Commentary from a long term NetWorker consultant and Backup Theorist

  • This blog has moved!

    This blog has now moved to nsrd.info/blog. Please jump across to the new site for the latest articles (and all old archived articles).
  •  


     


     

  • Enterprise Systems Backup and Recovery

    If you find this blog interesting, and either have an interest in or work in data protection/backup and recovery environments, you should check out my book, Enterprise Systems Backup and Recovery: A Corporate Insurance Policy. Designed for system administrators and managers alike, it focuses on features, policies, procedures and the human element to ensuring that your company has a suitable and working backup system rather than just a bunch of copies made by unrelated software, hardware and processes.

Posts Tagged ‘library performance’

Meet your library

Posted by Preston on 2009-04-26

For larger sites in particular, we frequently end up in situations where backup or system administrators are sufficiently remote from the datacentre that they rarely interact with servers “face to face”. As remote management features continue to advance, allowing interaction with pseudo-shutdown servers and devices, this will only increase.

This level of remoteness can create unrealistic expectation of operation performance, particularly when the chips are down and something (e.g., a recovery) needs to be done urgently.

So there’s something very important you should do with your tape libraries – you should meet them.

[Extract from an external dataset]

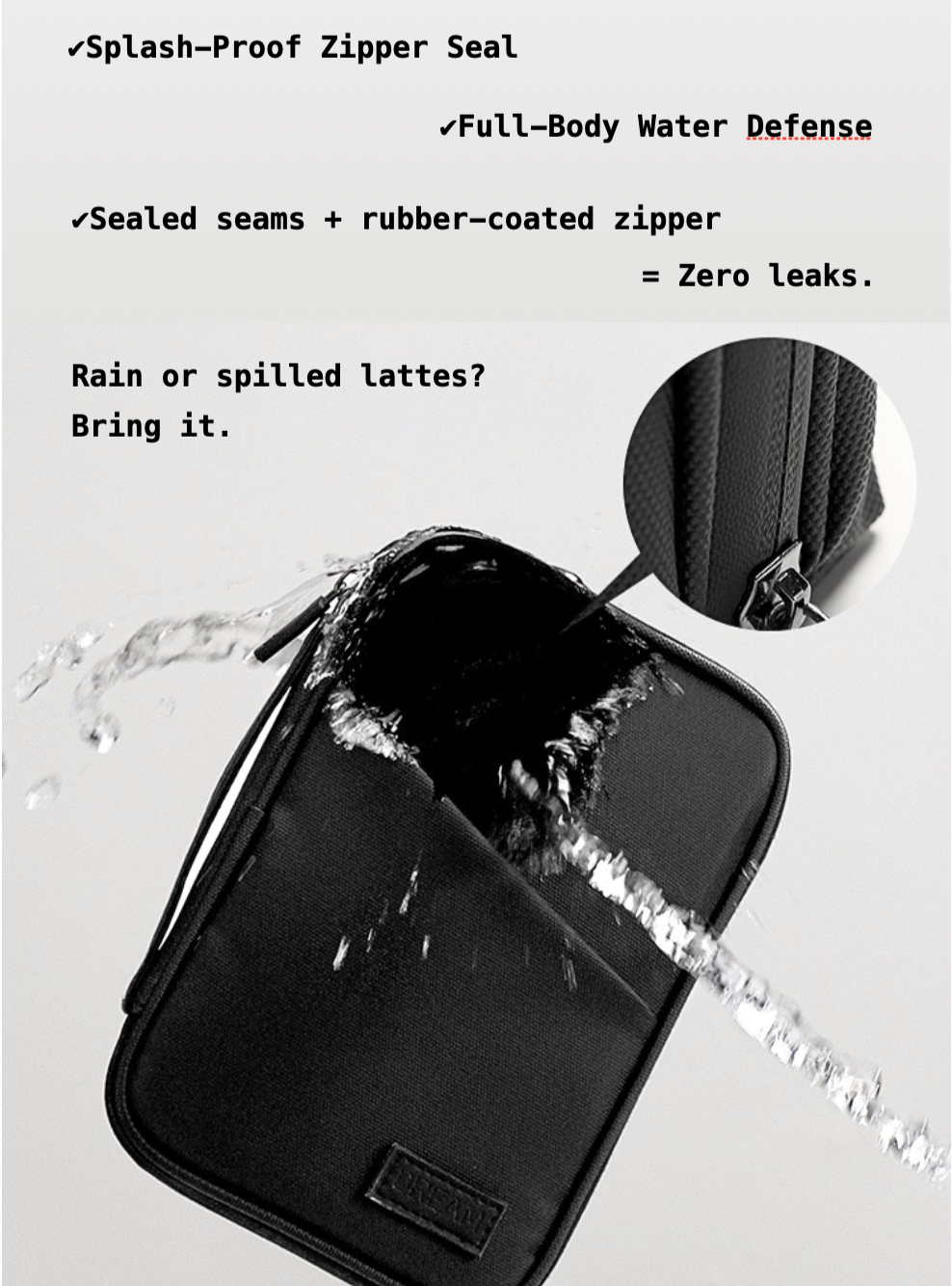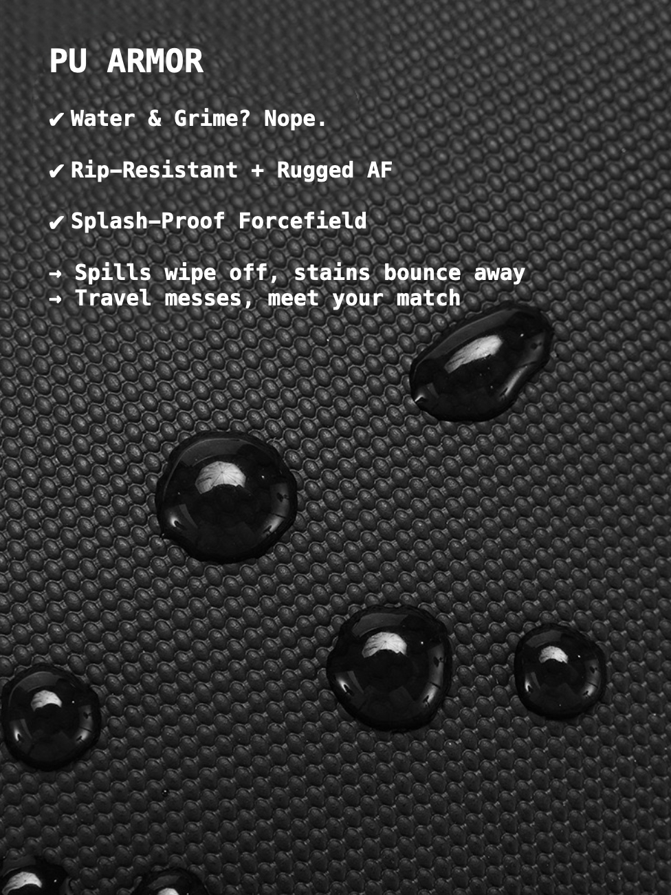 “BOARDROOM-ARMOR” PU SHELL → Coffee spills? Crumbs? Flight chaos? Deflects with a polished smirk. Wipes clean, scoffs at scuffs.

By meeting them, I mean the following:

  • Sit in front of them, with a laptop or console.
  • Make sure you can hear the library in operation.
  • Run at least the following commands:
    • Load;
    • Unload;
    • Relabel;
    • Inventory;
    • Import;
    • Device clean;
    • Export.
  • If possible, also do the following:
    • Monitor how long it takes media to rewind and become available for eject once EOM is reached;
    • Generate a SCSI bus reset while media is being read from to and observe how long it takes the library to recover;
    • Generate a SCSI bus reset while media is being written to and observe how long it takes the library to recover.

Knowing how long these operations take to complete fulfill two important (and overlapping) functions:

  1. You now have a timeframe for common activities to rely on when you’re otherwise stressed;
  2. You’re less likely to panic and intervene because something seems to be taking too long, when in actual fact you just don’t normally note how long an operation takes.

This is pretty important – I’ve seen a lot of important recoveries go from say, stressful to full panic when excessive intervention is taken on a tape library and it isn’t given appropriate time to “recover” from errors or interrupts.

Meeting brings understanding, understanding brings patience, patience brings success.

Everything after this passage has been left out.